Thrive! is an interactive diversity transition program. The primary purpose of Thrive! is to assist students of underrepresented racial/ethnic backgrounds in navigating college by connecting them with resources and tools that will aid in their success. Our definition of underrepresented refers to individuals of African, Asian, and Latinx descent, Native American students, and biracial/multiracial students.

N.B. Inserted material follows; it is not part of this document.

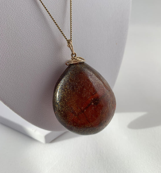 A 14-karat yellow gold amber pendant with insect inclusions and a 14-karat yellow gold fine curb link chain. A free-form drop-shaped natural amber pendant with a 14-karat yellow gold twisted suspension bale. The hue is brownish/red. The tone is medium dark.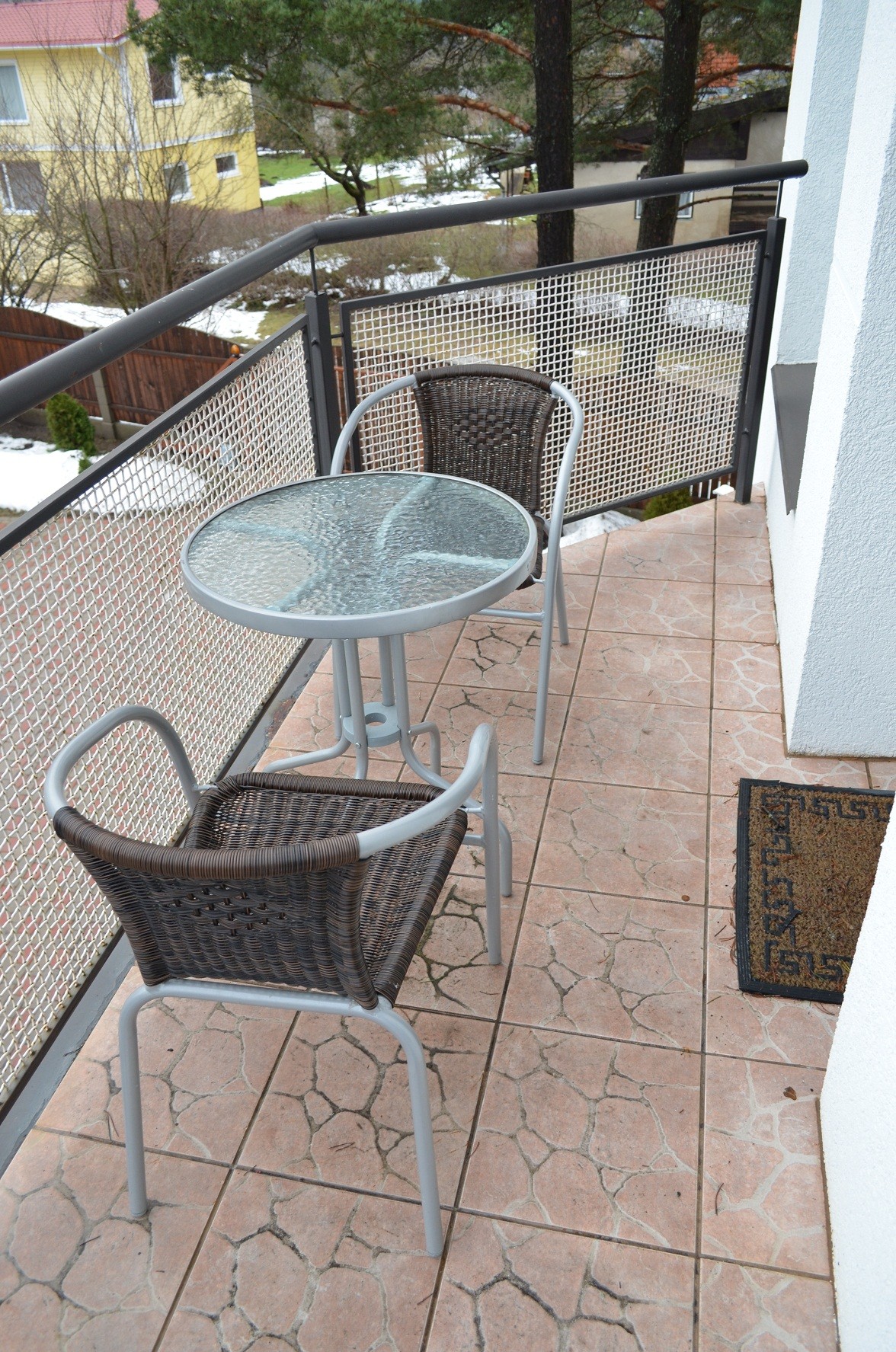Постелили на пол шершавую плитку нейтральной расцветки. Шершавая - что бы не скользить. Очень приятно утром выпить кофе, сидя на балконе и обозревая окрестности.

This half-day program consists of community building exercises, faculty, staff, and student networking opportunities, informative panels on how to navigate Wellesley, and cultural organization showcases. You will also get to know more about OICE, and the Assistant Deans who will support you during the next four years.
Let Me Speak
Let Me Speak is an honest, monologue performance presented during orientation on issues of diversity and inclusion for first year students! Our monologues touch on topics such as socioeconomic status, race, age, learning disabilities, sexual orientation, gender identity, mental health and other identities that shape us all.
21 Days Against Racism
Deadline to sign up will be Wednesday, September 15 at 11:59 PM. Sign up here!
21 Days of Gender and Sexuality Inclusion (GASI)
The 21 Days for Gender and Sexuality Inclusion (GASI) Challenge is a program to provide participants with the tools to learn about gender and sexuality as it impacts their experiences. This challenge is inspired by Oprah and Deepak Chopra’s 21 Day Meditation Experience; they follow the idea that if you do something for 21 days, you will create a habit. 21 days for GASI was created after Wellesley student, staff, and faculty feedback from ‘21 Days against Racism’ in the Fall 2020 requesting more content addressing gender and sexuality as a community.
This is one of the many ways that our Wellesley community is showing up for the LGBTQ+ community members. Various Wellesley departments and offices saw the significance of this challenge in continuing the shift of the Wellesley community's values to be more inclusive and collaborated with OICE and the LGBTQ+ office to produce this program.
The Inclusion Initiative
The purpose of the Inclusion Initiative is to promote peer-led cross-cultural conversations within the Wellesley College community around issues of identity. Each year, the program will train a cohort of paid peer facilitators to lead 90-minute workshops on topics such as oppression and privilege, racism, socioeconomic class, gender, sexual orientation, immigration, disability/ability awareness among others.
MODULE 1: PRIVILEGE, OPPRESSION, AND IDENTITIES
As a result of this module, participants will be able to articulate aspects of power/privilege in society and their lives, identify the four I’s of oppression, and utilize that oppression model to understand dynamics within Wellesley College.
MODULE 2: RACE AND RACISM
As a result of this module, participants will have a better understanding of the definitions of race and racism, be able to articulate the four I's of oppression, and identify ways that you can combat racial oppression in your communities.
MODULE 3: EXPLORING CLASS AND CLASSISM
As a result of this module, participants will be able to become more conscious of the strengths and limitations of one’s own class background, understand the definitions of class and classism, gain more awareness of class differences and their impacts, and better understand the power and resilience in people who are poor.
MODULE 4: GENDER IDENTITIES AND SEXUAL ORIENTATION
As a result of this module, participants will be able to articulate the differences in definitions of sex, gender, gender identity, and sexual orientation, develop awareness of privileges and oppressions relating to gender and sexual orientation, and locate this conversation in the context of Wellesley.
MODULE 5: FROM AWARENESS TO ALLYSHIP TO ACCOMPLICE
As a result of this module, participants will be able to define the differences between different levels of allyship, recognize the differences between performative allyship and true allyship, identify where they are in the Ally Continuum in relation to various topics, and articulate actionable steps to move further in the Ally Continuum.
MODULE 6: IMPLICIT BIAS
As a result of this module, participants will be able to deepen understanding of what implicit bias is, develop awareness about first messages we received about race, religion, socio-economic background, and gender, increase awareness of the impact of bias behaviors in interpersonal relations and practice strategies for countering implicit bias.